TrajectoryRL
SN11Makes AI agents cheaper, safer, and more reliable by optimising their decision-making paths
A subnet that optimizes how AI agents work. Miners compete to make agents cheaper, safer, and more reliable by optimizing their decision-making policies. One demonstration cut agent operating costs from $12,300/month to $900/month, a 93% reduction, through trajectory optimization alone.
// Making AI agents cheaper, safer, and smarter.
TrajectoryRL is a subnet where miners compete to optimize AI agent policies. When an AI agent performs a task (browsing the web, writing code, managing files), it makes a series of decisions called a "trajectory." TrajectoryRL rewards miners who find better trajectories: sequences of decisions that are faster, cheaper, and more reliable.
The simple version: Imagine an AI assistant that takes 20 steps to book a flight, costing $5 in API calls. A TrajectoryRL miner figures out how to do it in 6 steps for $0.30. The miner who finds the most efficient path wins.
Centralized equivalent: Think of it as automated consulting for AI operations. Companies like McKinsey optimize business processes; TrajectoryRL optimizes AI agent processes, but through competitive benchmarking rather than billable hours.
How it works:
- Miners upload "policy packs" containing optimized agent configurations (prompt engineering, multi-LLM routing, skill injection) to any public HTTP endpoint and commit metadata on-chain. No server required, no uptime needed.
- Validators evaluate policy packs using ClawBench, a deterministic scenario suite with fixed fixtures. Two-phase evaluation: Phase 1 checks pack integrity, Phase 2 scores trajectory quality using LLM-as-judge against natural language criteria. Winner-take-all with first-mover advantage and NCD similarity detection to prevent copying.
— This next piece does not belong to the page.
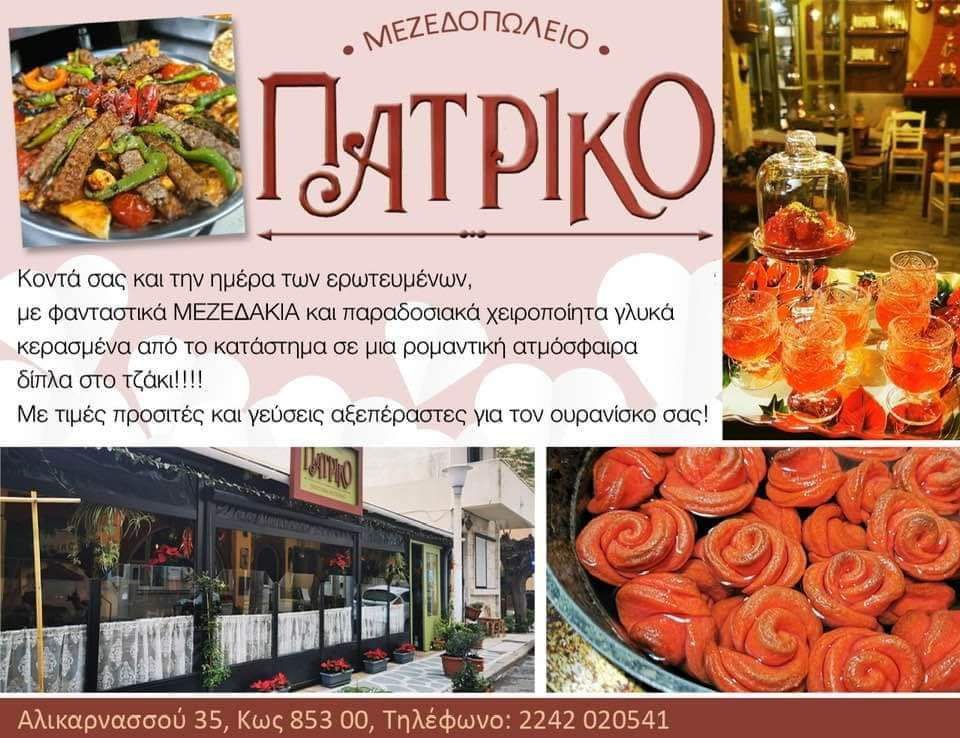 Έτσι στο Πατρικό το προσωπικό θα είναι στην διάθεση σας με γεύσεις διαχρονικές και με άρωμα πολίτικης κουζίνας σε εορταστική ατμόσφαιρα!

- The problem it solves: AI agents are expensive and unreliable. A single GPT-4 agent running 1,000 tasks/day costs $12,300/month. Most of that spend is wasted on inefficient decision paths.
- The opportunity: Every company deploying AI agents (customer support, code generation, data analysis) needs cost optimization. The ROI case is clear: TrajectoryRL demonstrations show 73-93% cost reductions.
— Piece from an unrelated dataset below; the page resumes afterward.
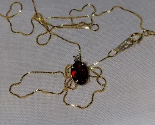 Elegante colgante de oro amarillo 18k con un granate rojo intenso de 0.30 ct y un diamante de 0.01ct de corte redondo excelente de color G y claridad vs1/vs2. Peso 1.5 gramos(el peso que pone en la tarjeta está mál). Incluye cadena veneciana de oro amarillo de 18k de 40-45 cm ajustable. Incluye tarjeta de autenticidad. Hecho en Italia.

- The Bittensor advantage: Winner-take-all with anti-copy protection (SHA256 hashing + NCD similarity + first-mover threshold) creates a genuine innovation race. The content-addressed pack system means no server infrastructure required from miners.
- Traction signals: 400 commits across 10 contributors with 52-88 commits per week. Highest development velocity in this batch. ClawBench evaluation framework. Multi-LLM routing (Qwen 3.5, GLM-5, Gemini 3 Flash, GPT-5.2) demonstrated in examples.
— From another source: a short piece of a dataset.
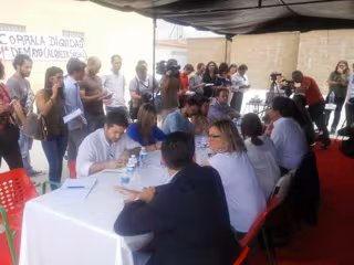 Durante más de una hora, responsables del PSOE y de Podemos, encabezados por Guillermo Fernández Vara y Álvaro Jaén, se ha reunido en una carpa situada en la Corrala de Mérida, donde un grupo de ciudadanos ha ocupado algunas viviendas vacías.

Category: Reinforcement Learning | Centralized Competitor: Consulting firms (McKinsey, BCG for process optimization), LangSmith (agent observability), AgentOps
TrajectoryRL addresses one of the most practical problems in AI: agents are expensive because they make bad decisions. Every unnecessary API call, every wrong tool selection, every redundant step costs money. TrajectoryRL's approach is to crowd-source optimization through competition.
Mechanism:
The two-stage optimization model is compelling. Stage 1 (prompt optimization) involves tuning AGENTS.md configurations and stop rules. The example shows this alone reduces costs from $12,300 to $3,300/month, a 73% cut. Stage 2 (hybrid routing) adds multi-LLM dynamic routing, where different sub-tasks are routed to the cheapest capable model: Qwen 3.5 handles 40% of tasks (tool calls, lookups), while GPT-5.2 handles only 10% (reasoning, drafting). This pushes costs down to $900/month, a 93% total reduction.
ClawBench provides deterministic evaluation. Scenarios have fixed fixtures, meaning every miner faces the same challenge. LLM-as-judge scoring against natural language criteria adds flexibility while maintaining consistency. The winner-take-all structure with first-mover advantage means you can't just copy the leader; you have to commit your innovation first to claim priority.
The codebase is the most active we've seen: 400 commits across 10 contributors, with 52-88 commits per week in the last month. Primary contributor "crabby" drives daily improvements. Recent work includes content truncation handling and ClawBench module fixes.
Market metrics are solid. At 58,197 TAO market cap with 2,136 holders, TrajectoryRL has moderate concentration (Gini 0.673, HHI 0.043). Net 7-day inflow of 858 TAO is healthy. Root proportion of 0.170 confirms organic demand. The 90-day price increase of 67% shows sustained interest.
- Benchmark overfitting: If miners optimize specifically for ClawBench scenarios rather than general agent optimization, the real-world value diminishes.
- Market education: "AI agent trajectory optimization" is a niche concept. Communicating the value proposition to a broad audience requires clear ROI demonstrations.
- Competitive landscape: Agent optimization frameworks are emerging from well-funded startups. LangSmith, AgentOps, and others are building observability and optimization tools.
- Winner-take-all dynamics: 100% to the winner may discourage new miners if the incumbent is difficult to beat.